[ovs-dev] Design notes for provisioning Netlink interface from the OVS Windows driver (Switch extension)
eliahue at vmware.com
Thu Aug 7 16:35:09 UTC 2014
Here are some clarifications:
>o) "Transaction based DPIF primitive": does this mean that we do Reads and Writes here?
Transaction based DPIF primitives are mapped into synchronous device I/O control system calls.
The NL reply would be returned in the output buffer of the IOCTL parameter.
>You mean, whenever, say, a Flow dump request is issued, in one reply to give back all flows?
Not necessarily. I meant that the driver does not have to maintain the state of the dump command.
Each dump command sent down to the driver would be self-contained.
>o) "Event notification / NL multicast subscription"
>1. I understand you do not speak of events here as API waitable / notification events, right?
Yes, these are OVS events that are placed in a custom queue.
There is a single Operating System event associated with the global socket which collects all OVS events.
It will be triggered through a completion of a pending I/O request in the driver.
> what is the format of the structs that would be read from nl_sock_recv()?
The socket structure would contain a system Overlapped structure (along with an event).
The Overlapped structure would be used only for unicast and multicast subscription.
Transaction and dump based sockets will always not be waitable.
>2. What would the relationship between hyper-v ports and hyper-v nics and dp ports would be?
>I mean, in the sense that the dp port additions and deletions would be requests coming from the userspace to the kernel (so no notification needed), while we get OIDs when nics connect & disconnect. In this sense, I see the hyper-v nic connection and disconnection as something that could be >implemented as API notification events.
I assume that the above question is not related to the Netlink interface but I think your description is correct in general:
Hyper-V ports (unlike tunnel ports) are created by the Hyper-V. The driver gets notified on every port creation or delition (or attribute change). In turn the driver queues an OVS event to a global queue (which was initially created when a multicat subscription IOCTL was sent to driver). Then, the driver will complete the pending IRP associated with the event queue. The user mode thread wairing on the event (associated with the Overlapped structure for this socket) will wake up and subsequently a DP port operation would be excuted.

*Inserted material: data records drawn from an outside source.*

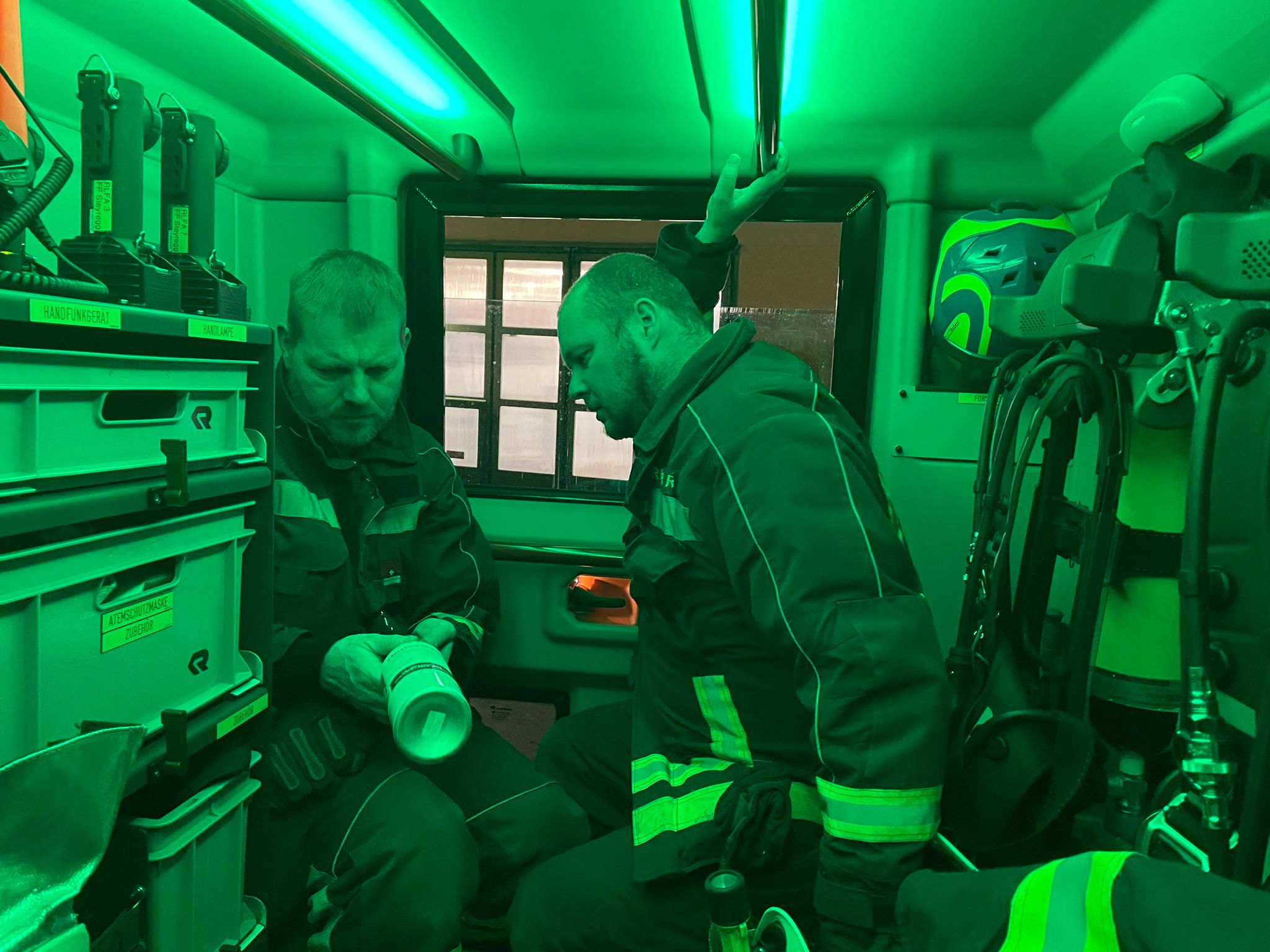 Im theoretischen und praktischen Teil wurden sämtliche relevanten Funktionen, Einrichtungen sowie die Bedienung der Einsatzfahrzeuge ausführlich durchgenommen. Mit den B-Fahrern erfolgte die Einschulung am Kommandofahrzeug (KDOFA), wobei insbesondere die Handhabung der Sondersignalanlage (Blaulicht, Folgetonhorn), Funkgeräte sowie weitere fahrzeugspezifische Ausstattungen behandelt wurden.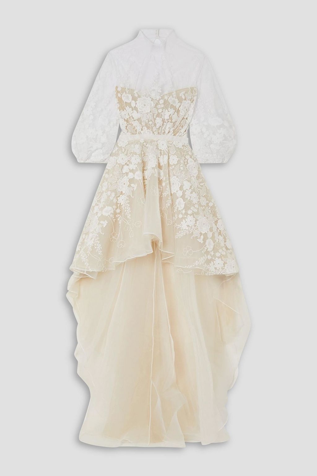 You know we’re big fans of Rime Arodaky, so naturally we’re swooning over this ‘Shiloh’ dress. It has a beautiful (and unique) high-low profile and open back. It’s made from layers of organza overlaid with tulle that’s embroidered with the most stunning blooms.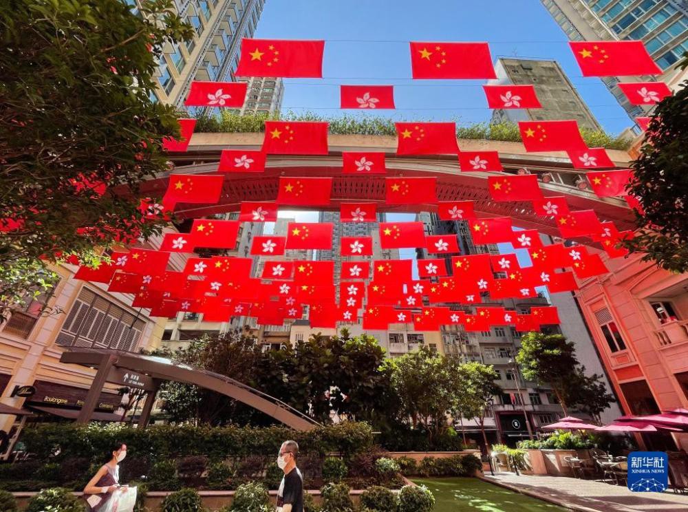 6月29日在香港街頭拍攝的五星紅旗和紫荊花區(qū)旗。香港回歸祖國25周年紀(jì)念日臨近,連日來,香港街頭洋溢著喜慶氛圍?! ⌒氯A社記者 盧炳輝 攝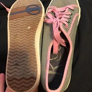 Navy and off white pattern goes with everything and pop of purple is very on tend for spring/summer 2022. Worn only a couple times EUC my feet are just too big after having my son.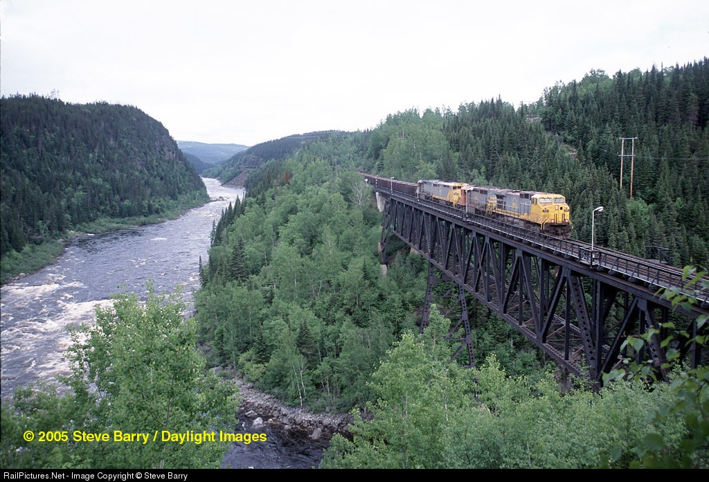 Southbound QNSL train crosses the Moisie River Bridge near Milepost 12 north of Sept Isles, Quebec.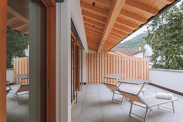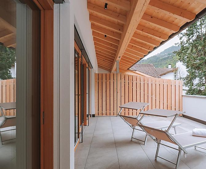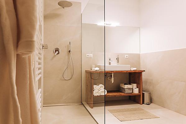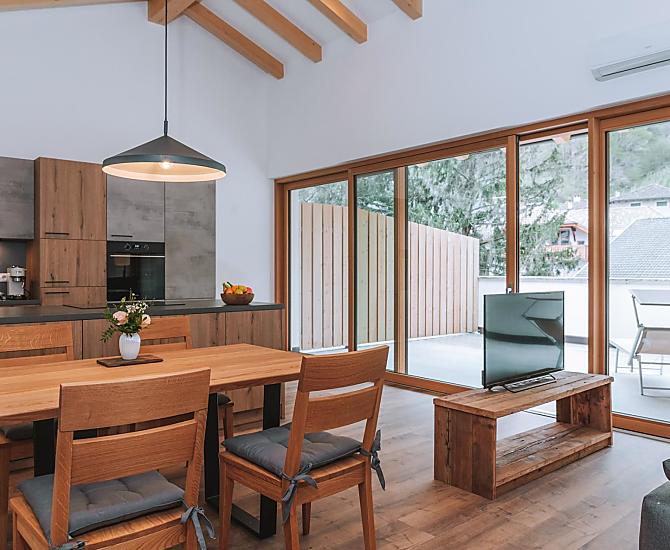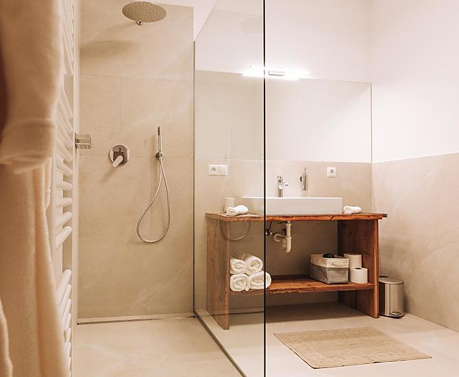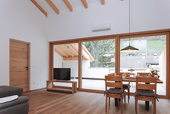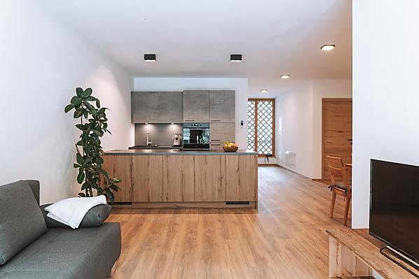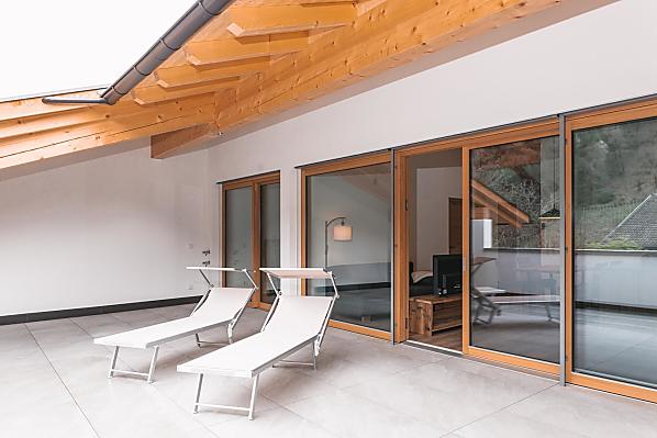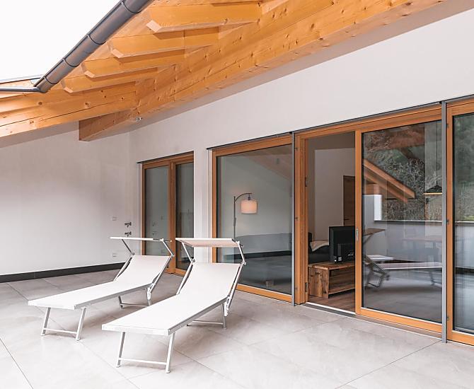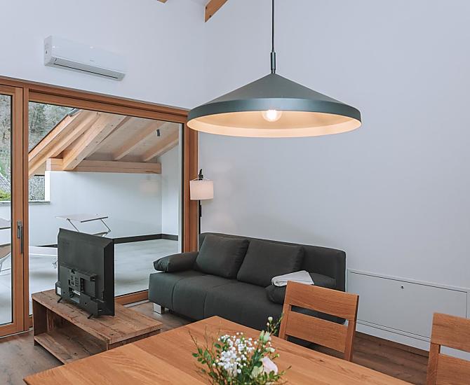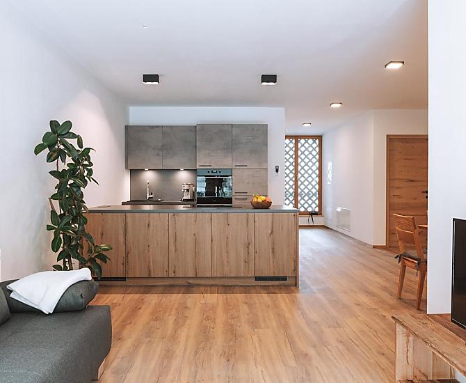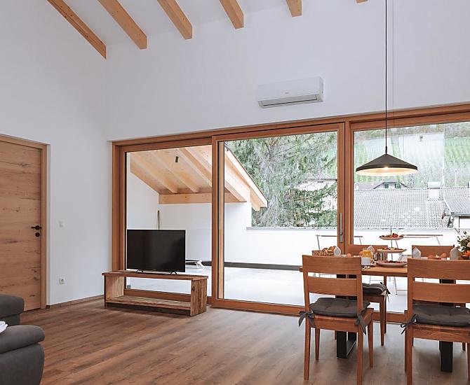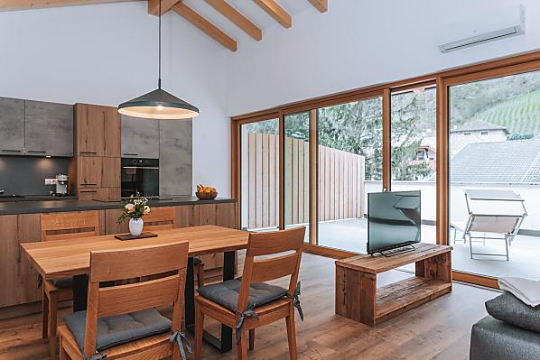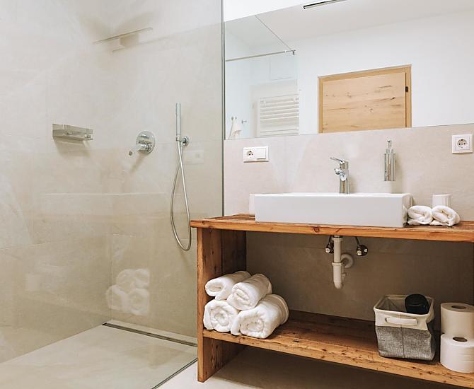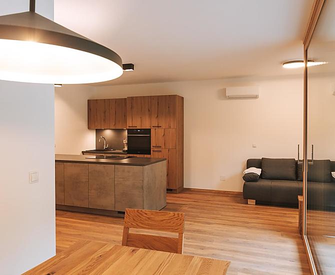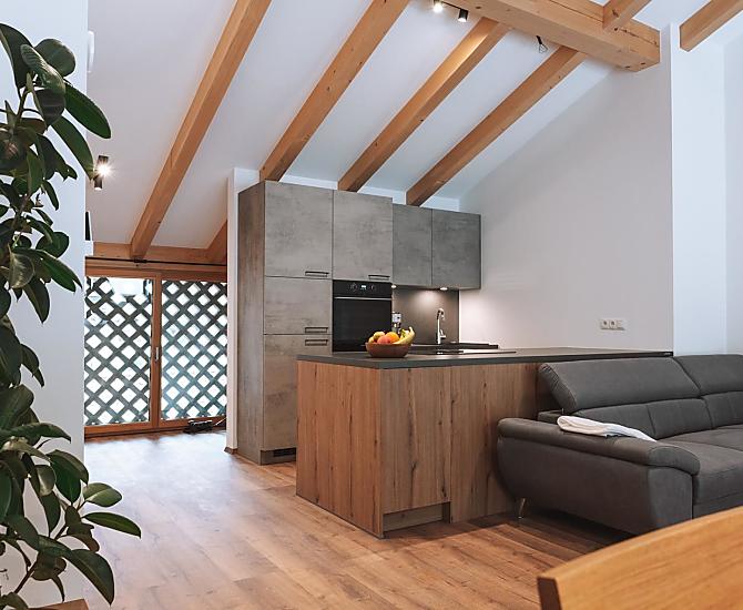Die Ferienwohnungen entstanden als neuer und moderner Anbau, anstelle des alten und baufälligen Wirtschaftsgebäudes.

>o) "C. Implementation work flow"
>So our incremental development here would be:
>1. Add a new device (alongside the existing one) 2. Implement a netlink protocol (for basic parsing attributes, etc.) for the new device 3. Implement netlink datapath operations for this device (get and dump only)
>4. further & more advanced things are to be dealt with later.
Event notification (multicast) and missed packet path (unicast) will be developed as a second phase. At this phase the FPID device object will be removed and the "new" vswitchd process will control the driver over the Netlink device interface
>If I understand what you mean, I think this is an implementation detail.
>Basically, for our driver, for unicast messages I know that we can do sequential reads. We hold an 'offset' in the buffer where the next read must begin from. However, as I remember, the implementation for "write" simply overwrites the previous buffer (of the corresponding socket). I believe it is good to >keep one-write then one-receive instead of doing all writes, then all receives.
>However, I think we need to take into account the situation where the userspace might be providing a smaller buffer than it is the total to read. Also, I think the "dump" mechanism requires it.
I (want) to assume that each transaction is self-contained which means that the driver should not maintain a state of the transaction. Since, we will be using an IOCTL for that transaction the user mode buffer length will be specified in the command itself.
All Write/Read dump pairs are replaced with a single IOCTL call. As I understand transactions and dump are (as used for DPIF) are not really socket operation per se.
>My suggestions & opinions:
>o) I think we must do dumping via writes and reads. The main reason is the fact that we don't know the total size to read when we request, say, a flow dump.
/* Receive a reply. */
error = nl_sock_recv__(sock, buf_txn->reply, false);
I am not familiar with ofpbuf structure. I noticed that you guys used MAX_STACK_LENGTH for specifying the buffer length. I need to get back to you on this one.
>o) I believe we shouldn't use the netlink overhead (nlmsghdr, genlmsghdr, attributes) when not needed (say, when registering a KEVENT notification) , and, if w>e choose not to use netlink protocol always, we may need a way to differentiate between netlink and non-netlink requests.
Possible, as phase for optimization
Thanks you Sam for reviewing these notes. Please feel free to ask or raise any comments.